The vampire moved back until he was pressed against the wall, and then made a last, desperate attempt to control the skeletons which now threatened to pull him down. Penia stepped forward, and kept the pressure high. He almost felt oity for the pathetic monster which had once been his teacher, and who was now cornered in his own crypt, betrayed by his favourite apprentice. The vampire abruptly ceased the struggle, and fell to his knees. Penia, surprised by this surrender, stared at his former master with suspicion. "So.. I am the master now." he said, though a little uncertainly.

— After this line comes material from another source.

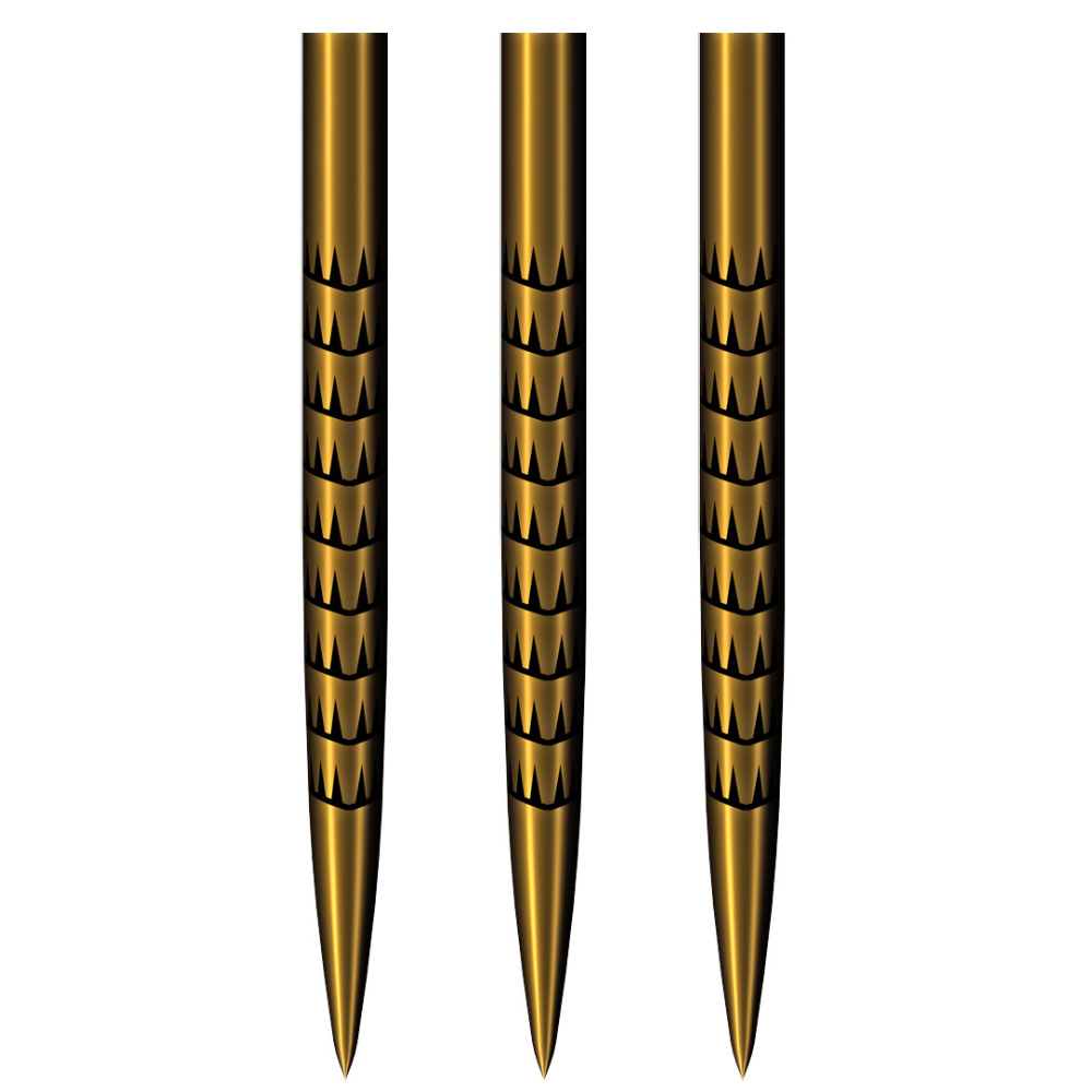 Coated in Gold Titanium for additional strength, the Badlands Range Tracks Steel Tip Dart Points feature a superfine cinder grip, precision-engraved at the Shot factory for maximum control and penetration into the dartboard. Rigorously tested for a smooth release, these points reduce dartboard wear while delivering consistent, pro-level performance. Available in four lengths, they let every player customise their setup for precision and grip that lasts.

Jerziah coughed, his head bowed low in apparent submission. "I see that.. your knowledge, of the black arts, has grown impressively, but you must consider that you are just a mortal man. Fragile, and while there are those human warriors who would be more than a match for me, you are not. And.. don't you think that you have come a bit too close?"

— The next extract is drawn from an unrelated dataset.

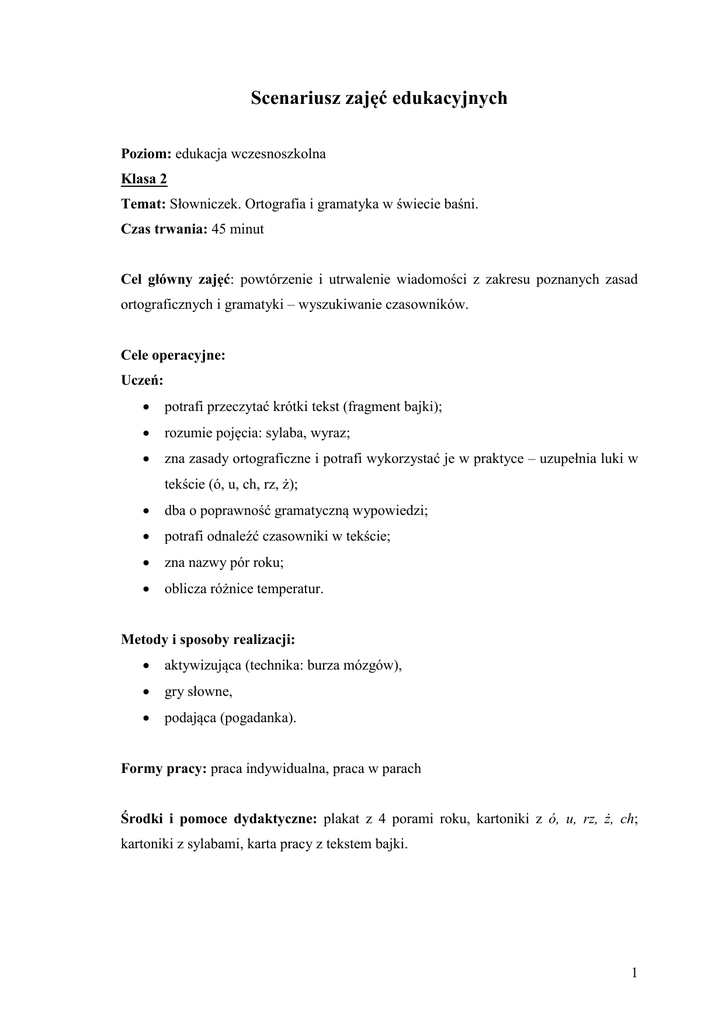 Scenariusz zajęć edukacyjnych Poziom: edukacja wczesnoszkolna Klasa 2 Temat: Słowniczek. Ortografia i gramatyka w świecie baśni. Czas trwania: 45 minut Cel główny zajęć: powtórzenie i utrwalenie wiadomości z zakresu poznanych zasad ortograficznych i gramatyki – wyszukiwanie czasowników. Cele operacyjne: Uczeń: potrafi przeczytać krótki tekst (fragment bajki); rozumie pojęcia: sylaba, wyraz; zna zasady ortograficzne i potrafi wykorzystać je w praktyce – uzupełnia luki w tekście (ó, u, ch, rz, ż); dba o poprawność gramatyczną wypowiedzi; potrafi odnaleźć czasowniki w tekście; zna nazwy pór roku; oblicza różnice temperatur. Metody i sposoby realizacji: aktywizująca (technika: burza mózgów), gry słowne, podająca (pogadanka). Formy pracy: praca indywidualna, praca w parach Środki i pomoce dydaktyczne: plakat z 4 porami roku, kartoniki z ó, u, rz, ż, ch; kartoniki z sylabami, karta pracy z tekstem bajki. 1 Temat: Słowniczek. Ortografia i gramatyka w świecie baśni. Przebieg zajęć 1. Powitanie uczniów. Przedstawienie celu lekcji, krótkie omówienie tematyki zajęć. 2. Rozgrzewka: burza mózgów – szukanie postaci z bajek, w których imionach występują trudności ortograficzne – pomagamy lalce Celinie stworzyć listę gości na przyjęcie urodzinowe. 3. Pomagamy Celinie napisać bajkę jako jedną z atrakcji przyjęcia urodzinowego – uzupełnianie wyrazów w tekście brakującymi trudnościami ortograficznymi. Uczniowie – korzystając z wiedzy na temat zasad ortografii – uzupełniają karty. W ramach sprawdzenia poprawności wykonanego ćwiczenia na forum klasy uczniowie korzystają z karteczek samoprzylepnych, na których znajdują się: ó, u, rz, ż, ch; przypomnienie zasad ortograficznych; podawanie własnych przykładów. 4. Skojarzenia ze słowem: czasownik. Odnajdywanie czasowników w bajce Celinki. 5. Przerwa śródlekcyjna: zabawa z sylabami. 6. Podróż Celinki przez magiczne krainy w celu rozdania zaproszeń na urodziny: odgadywanie zagadek i tworzenie własnych; nazywanie pór roku; tworzenie skojarzeń związanych z określoną porą roku, porządkowanie ich w kolejności alfabetycznej. 7. Zabawa: Co chcę dostać i co z tym zrobię? (zostanie przeprowadzona, jeśli zdążymy zrealizować założone cele) 8. Podsumowanie zajęć: dzielimy się pozytywnymi myślami: cieszę się, że umiem/ pamiętam/rozumiem…, następnym razem chciałbym więcej/ spróbuję lepiej… Załącznik (bajka) Dawno, dawno temu za górami, za lasami z przyjaznymi duchami i uroczymi wróżkami, mieszkał stary król i królowa. Uwielbiali oni zupę owocową, na deser zjadali mnóstwo krówek. Wrócili właśnie z dalekiej podróży… Autor: Agnieszka Sawicka 2 Literatura: Krzyżewska J., Aktywizujące metody i techniki w edukacji wczesnoszkolnej. Suwałki 1998r. Stasica J. Język polski. 160 pomysłów na nauczanie zintegrowane w klasach I – III, Kraków 2010r. 3

Then the vampire rose, and darted towards Penia, moving through the skeletons in an explosion of bone and skulls. Penia had the words of a spell on his lips, but stumbled over the words in terror, as Jerziah's gaze met his. Too late, the man began to mumble more coherently. When he was young, in Estalia, he had heard tales of the great vampires, the Lords of the Night. He had heard of their great strength, and their lightning speed, but had never seen either in his teacher, who resembled a rotting carcass. He had never imagined that Jerziah could move so fast, or burst through those skeletons as if they were of clay, and he had never imagined that those wizened, frail hands could break his neck so easily.

Jerziah threw aside Penia's broken body, as what were left of the skeletons crumbled to the ground. Then, the vampire staggered towards his sarcophagus. Rest, he need to rest. The human had wisely attacked in the middle of the day, when Jerziah's powers were weakest. The vampire could feel the sunshine even in this deep, underground cavern. After pulling the lid back into place, and moments before he drifted into sleep once more, Jerziah reflected on what had happened. How was it possible that a mere scholar, a creature which had been learning the Lore of Shyish for such a short time (how long had it been, anyway? Twenty, maybe thirty years?) could have become a match for his powers? The vampire had studied the blackest of arts for thousands of years, and had been taught by the great Nagash himself, who challenged Death and created the discipline of Undeath. How was it possible? Humans were weak! How could their feeble minds challenge the mastery of one of the line of Wsoran? Jerziah remembered the flame of Penia's life, extinguished by the force of his own grasp as the human died. Only then, did Jerziah understand. There was the answer! That was the reason why humans could progress in the necromantic arts faster than any vampire. Humans were obsessed with the fear of dying, of passing away from the world and disappearing forever. Their life span was so short, that they could not afford to search for a way to cheat death for longer than a few decades. The Blood Kiss brought immortality to vampires, but immortality also lost their most powerful driving force, that which had fuelled Nagash's own works - the fear of death.

At this revelation, Jerziah was at first dismayed, but then he started to think more of the problem as a challenge. He needed to find another apprentice, so that he could study him more closely, much more closely than he had studied Penia. Maybe there was something which could be gleaned from the humans upon which his kind preyed.

From that night on, Jerziah studied and conducted his experiments with a new, refreshed, academic's interest.